Methods are functions that just happen to have a special binding to a particular type of object. Different object systems define them in different ways, but that core is always the same. When code calls a method, that method “knows” which object it belongs to, even though it was (usually) defined generically.

Python and object-oriented C libraries like GTK+ make this explicit: every method takes an object as its first parameter. JavaScript takes a different tack, adding methods to the prototype object. Most every other case where methods exist, they’re implicitly made such by their definitions. C++, C#, and Java, for instance, simply let you define functions inside the class, and those are the methods for objects of that class. When they’re called, they receive a “hidden” parameter, a reference to the object they’re called on: this.

As functions can contain arbitrary code, we can’t exactly put them in memory with the fields. One, it kills caching, because you might have kilobytes of method code in between fields. Two, some operating systems have protection systems in place to prevent code and data from intermingling, for very good security reasons.

Instead of having the code and data together, we must separate them. But that’s fine. They don’t need to be mixed in together anyway.
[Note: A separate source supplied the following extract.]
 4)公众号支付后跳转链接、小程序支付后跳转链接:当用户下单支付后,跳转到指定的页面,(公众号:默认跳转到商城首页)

However methods are defined, they’ll always have some sort of connection to an object—a pointer or reference, in low-level terms—and they can use that to access its fields. Conversely, the structure of an object can contain function pointers that refer to its methods.


We don’t really start getting into object-oriented programming until we add in inheritance. Coincidentally, here’s where the internals start to become more and more complex. Simple single inheritance lets an object take on parts of a parent object. It can use the parent’s methods as if they were its own, as well as some of the fields. Multiple inheritance is the same thing, but with more than one parent; it can get quite hairy, so most common languages don’t allow it.

The methods don’t really care whether they’re operating on a base or derived class, a parent or a child. For static languages, this is because of the way objects using inheritance are laid out in memory. Broadly speaking, the parent object’s fields come first, and those are followed by the child’s fields. As you go further down the inheritance chain, this means you can always backtrack to the root object. Just by doing that, we get a few things for free. A pointer to an object is the same as a pointer to its parent, for example. (GTK+ makes this explicit: objects are structs, and a child object simply lists its parent as its first field. Standard C memory access does the rest. Problem is, you have to use pointers for this to work, otherwise you get slicing, a mistake every C++ programmer knows all too well.)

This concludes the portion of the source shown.